> [THE DATA]
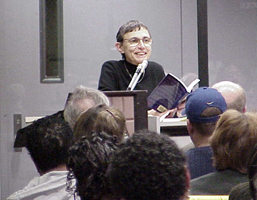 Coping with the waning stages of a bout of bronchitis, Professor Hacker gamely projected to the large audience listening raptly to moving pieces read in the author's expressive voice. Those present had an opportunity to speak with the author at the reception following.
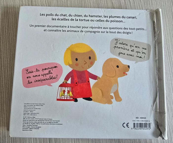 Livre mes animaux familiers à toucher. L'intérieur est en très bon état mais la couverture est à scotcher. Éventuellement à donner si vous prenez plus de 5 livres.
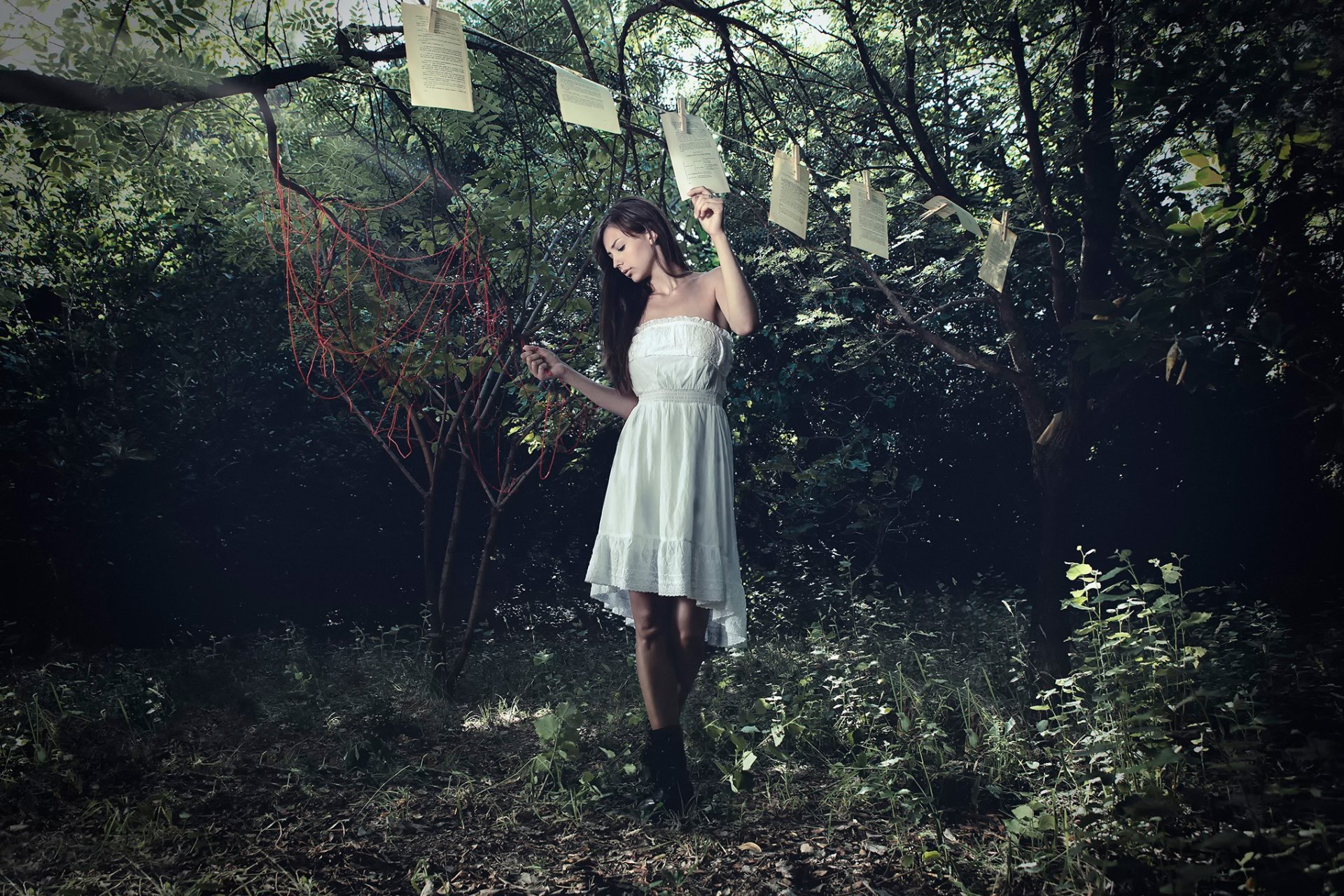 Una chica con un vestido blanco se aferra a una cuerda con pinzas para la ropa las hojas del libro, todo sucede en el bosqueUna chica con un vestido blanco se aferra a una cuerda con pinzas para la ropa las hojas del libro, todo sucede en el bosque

> [WORK REQUIRED]
Skip the pictures, please, and transcribe only the lines from the beginning of the material through the one that contains "Livre mes animaux".

> [YOUR RESPONSE]
 Coping with the waning stages of a bout of bronchitis, Professor Hacker gamely projected to the large audience listening raptly to moving pieces read in the author's expressive voice. Those present had an opportunity to speak with the author at the reception following.
 Livre mes animaux familiers à toucher. L'intérieur est en très bon état mais la couverture est à scotcher. Éventuellement à donner si vous prenez plus de 5 livres.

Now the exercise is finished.